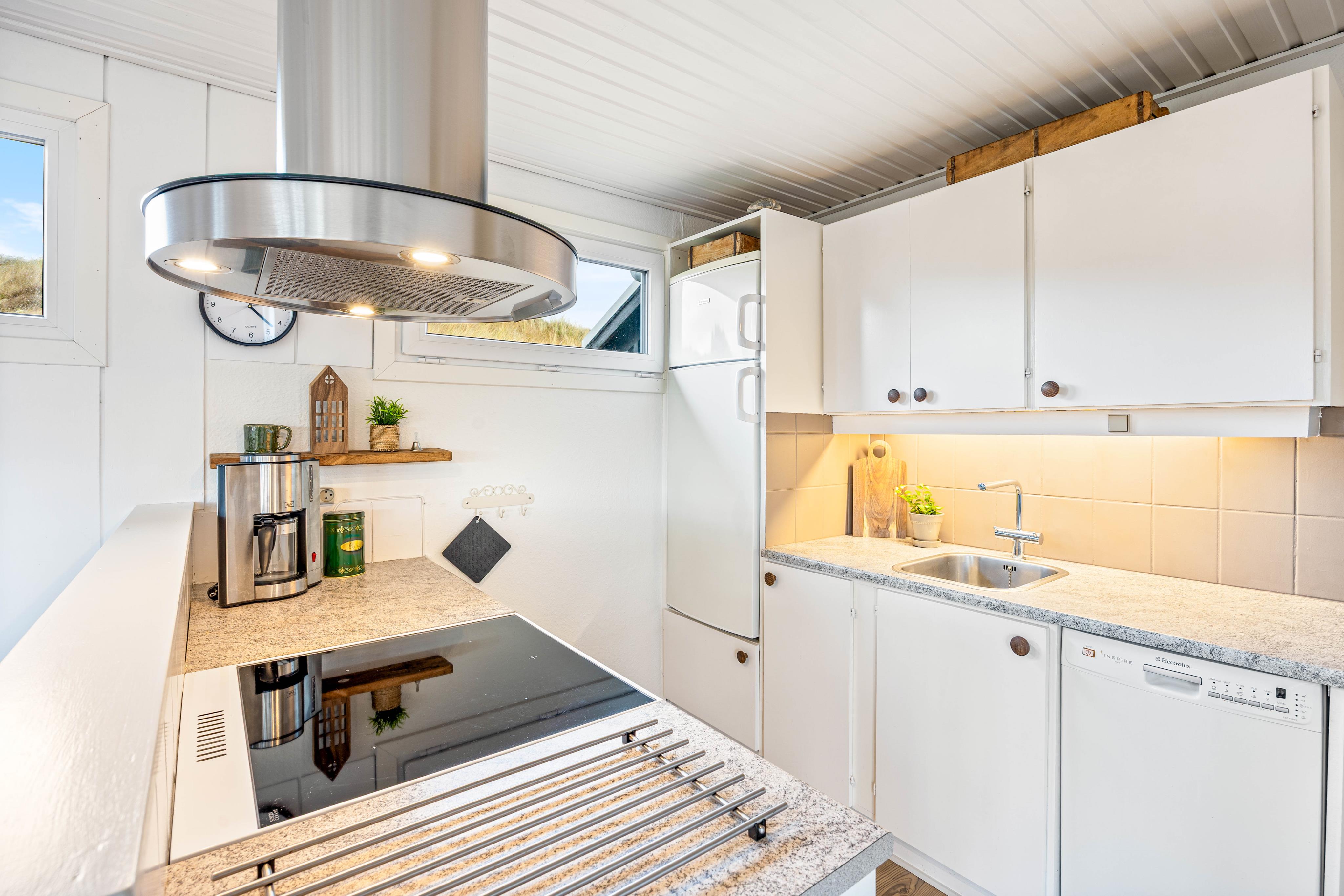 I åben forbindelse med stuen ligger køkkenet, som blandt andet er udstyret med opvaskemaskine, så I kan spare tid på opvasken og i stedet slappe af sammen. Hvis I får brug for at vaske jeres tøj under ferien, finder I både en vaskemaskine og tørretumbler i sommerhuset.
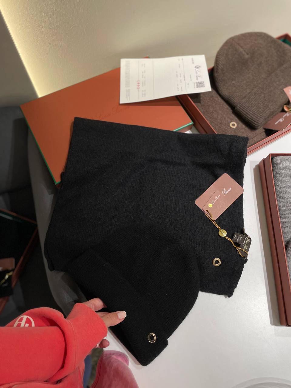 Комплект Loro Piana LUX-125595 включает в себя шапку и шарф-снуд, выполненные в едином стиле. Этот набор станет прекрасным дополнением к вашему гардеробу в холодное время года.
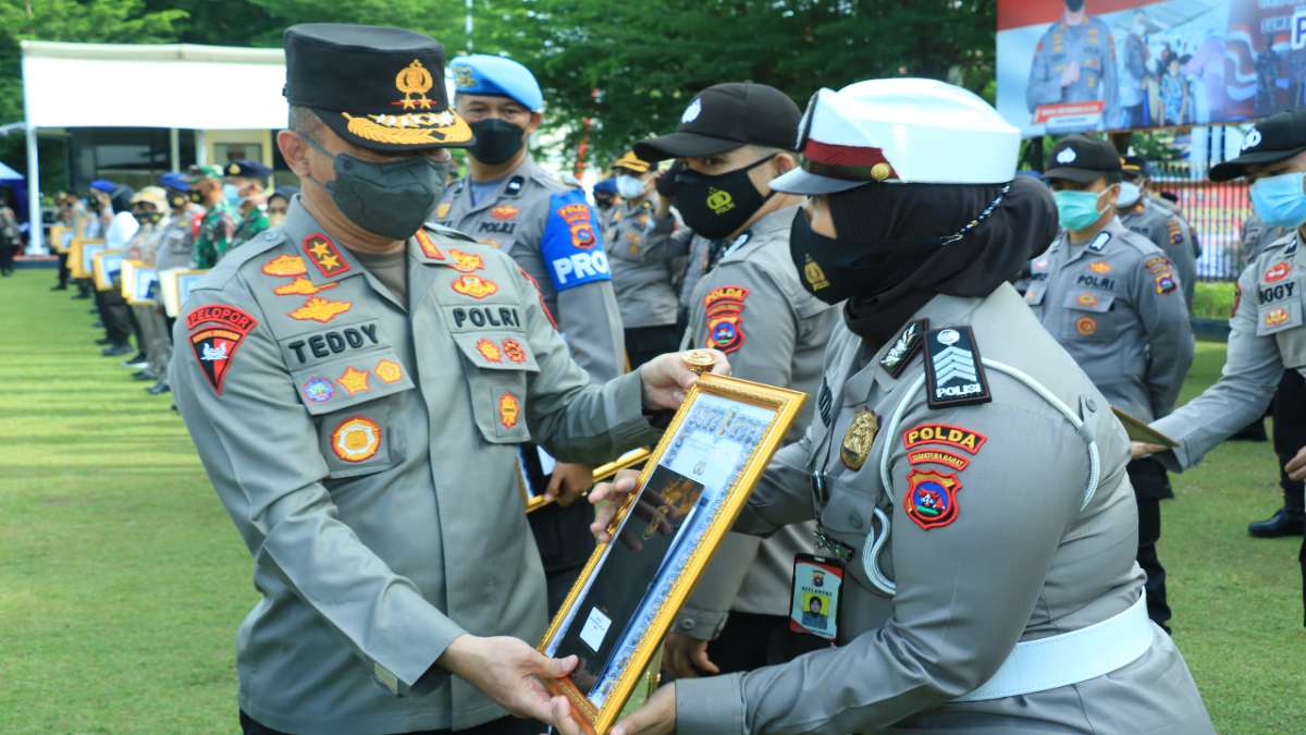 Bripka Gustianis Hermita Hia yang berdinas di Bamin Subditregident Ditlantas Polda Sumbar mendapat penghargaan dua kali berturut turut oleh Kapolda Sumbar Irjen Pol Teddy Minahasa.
....................
* [Exercise directions] Please copy exactly, and only, the lines from the one that contains "Комплект Loro Piana" through the last line of the data above, omitting all pictures.

* [Your response]
 Комплект Loro Piana LUX-125595 включает в себя шапку и шарф-снуд, выполненные в едином стиле. Этот набор станет прекрасным дополнением к вашему гардеробу в холодное время года.
 Bripka Gustianis Hermita Hia yang berdinas di Bamin Subditregident Ditlantas Polda Sumbar mendapat penghargaan dua kali berturut turut oleh Kapolda Sumbar Irjen Pol Teddy Minahasa.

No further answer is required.